In 1992, the feature film director Barry Levinson asked Ewing to design the photographic style of the dramatic series Homicide: Life On The Streets. Ewing's handheld camerawork as Director of Photography brought a style of reality to drama that television critics have credited with changing the look of American dramatic television in the 1990's. Ewing also directed the final show of the first season of Homicide.

Ewing returned to documentaries with his critically acclaimed independent documentary feature Breakfast With Hunter about the late gonzo journalist Dr. Hunter S. Thompson. Two other films about Thompson followed: When I Die focuses on the making of the Gonzo Monument and the blast off of Dr. Thompson's ashes into the sky in 2005; Free Lisl: Fear & Loathing in Denver explores the most significant achievement of Hunter S. Thompson's last years-the freeing of Lisl Auman who was sentenced to life without parole at the age of 21 for the murder of a Denver police officer by someone she had just met while she was handcuffed in the back of a police car.

Ewing's other recent documentaries focused on politics - Benched which is about the 2004 Illinois Supreme Court Race and a companion film about the 2004 West Virginia Supreme Court election called The Last Campaign, a sequel to his first film, If Elected.... (1973).
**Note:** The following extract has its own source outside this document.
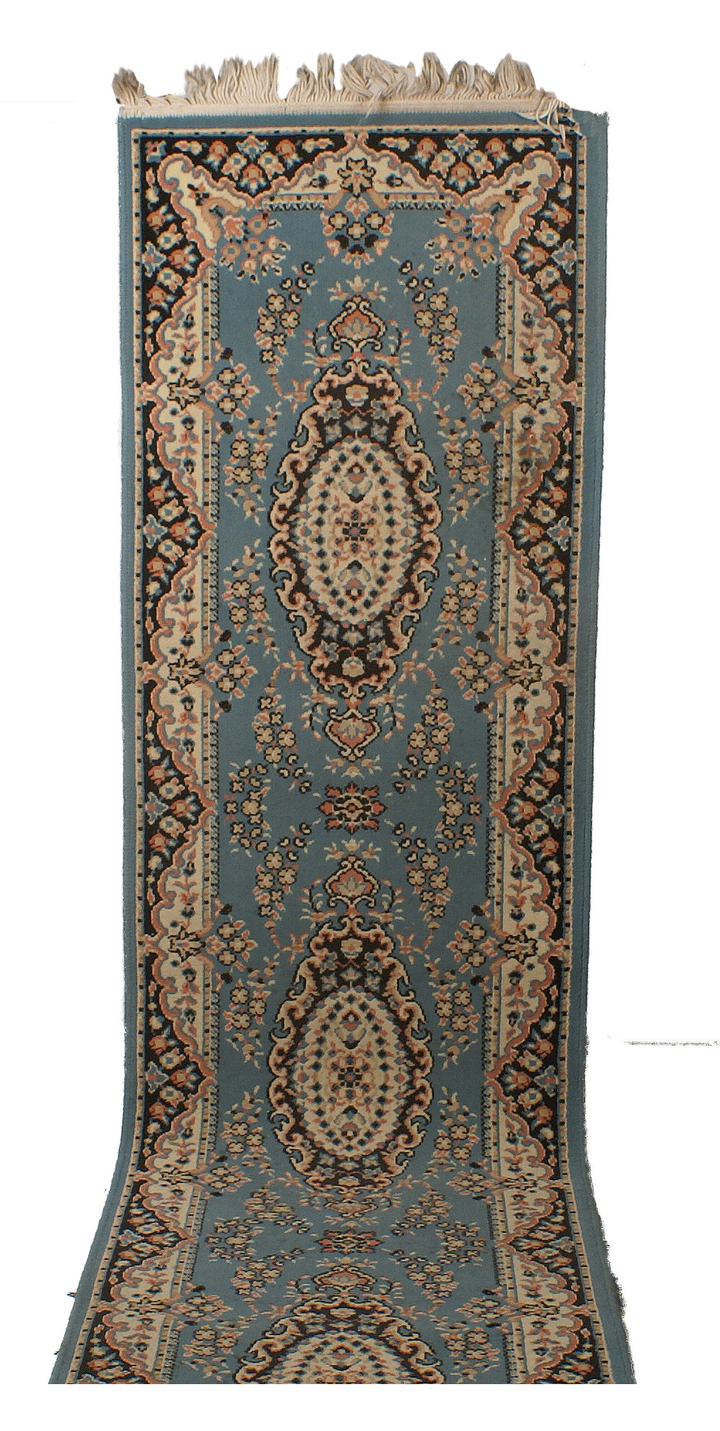 TAPPETO GUIDA manifattura orientale su fondo celeste 260x67 cm.

The Last Campaign was nominated by the International Documentary Association for their IDA Award as BEST DOCUMENTARY FEATURE of 2005 and selected by the Academy of Motion Picture Arts and Sciences to be included in their Academy/UCLA Series of the best documentaries of 2005.

The Outsiders of New Orleans: Loujon Press premiered at the Denver Film Festival this November, 2007. The film is about Louise "Gypsy Lou" Webb, now well into her nineties, and her husband, Jon Webb, who published the avant-garde literary magazine The Outsider from a small apartment in the French Quarter in the early 1960's.

Wayne Ewing graduated from Yale College (BA, History, 1970) and The University of Texas Graduate School of Communications (MA, 1971). He has lived in the Aspen, Colorado area for over twenty-five years.